**HOW TO COMPLETE THIS TASK:** Transcribe everything in the listing as written, and let no image into the copy.
DATASET SECTION: Begin
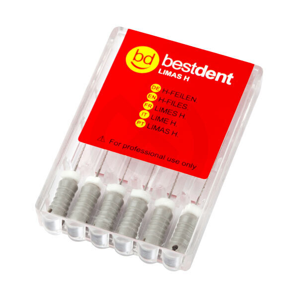 Limas manuales tipo H. Su forma en espiral les permite limpiar de detritus los canales radiculares antes de su obturación. Disponen de mango de plástico y tope de goma. Código de colores ISO para facilitar su identificación.
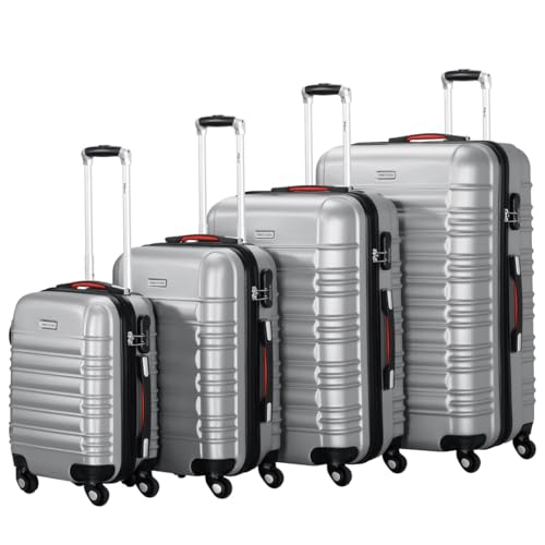 PROVITERA Set med 4 hårda ABS-väskor, hårda resväskor S-M-L-XL teleskopiskt handtag och 4 hjul lättrullande lås, kodlås, hållbara resevagnar, med handbagage, Silver, 50x32x75 cm, Modern
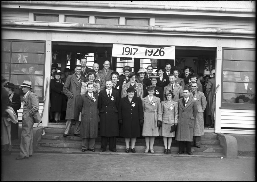 The class of 1917–1926 pose under the banner on the steps of Mangimare School during the school reunion. The 50th jubilee celebration was an occasion to include the official opening of the new school on 21st of June 1947. The old school which had been vacated was given a new lease of life in 1949 when it was re-erected in the new school grounds to be used as an assembly hall. In the mid-1970s Mangamaire Country School combined with Marima, Hukanui, Hamua, Konini and Nikau schools.
DATASET SECTION: End
**TASK RESULT:**
 Limas manuales tipo H. Su forma en espiral les permite limpiar de detritus los canales radiculares antes de su obturación. Disponen de mango de plástico y tope de goma. Código de colores ISO para facilitar su identificación.
 PROVITERA Set med 4 hårda ABS-väskor, hårda resväskor S-M-L-XL teleskopiskt handtag och 4 hjul lättrullande lås, kodlås, hållbara resevagnar, med handbagage, Silver, 50x32x75 cm, Modern
 The class of 1917–1926 pose under the banner on the steps of Mangimare School during the school reunion. The 50th jubilee celebration was an occasion to include the official opening of the new school on 21st of June 1947. The old school which had been vacated was given a new lease of life in 1949 when it was re-erected in the new school grounds to be used as an assembly hall. In the mid-1970s Mangamaire Country School combined with Marima, Hukanui, Hamua, Konini and Nikau schools.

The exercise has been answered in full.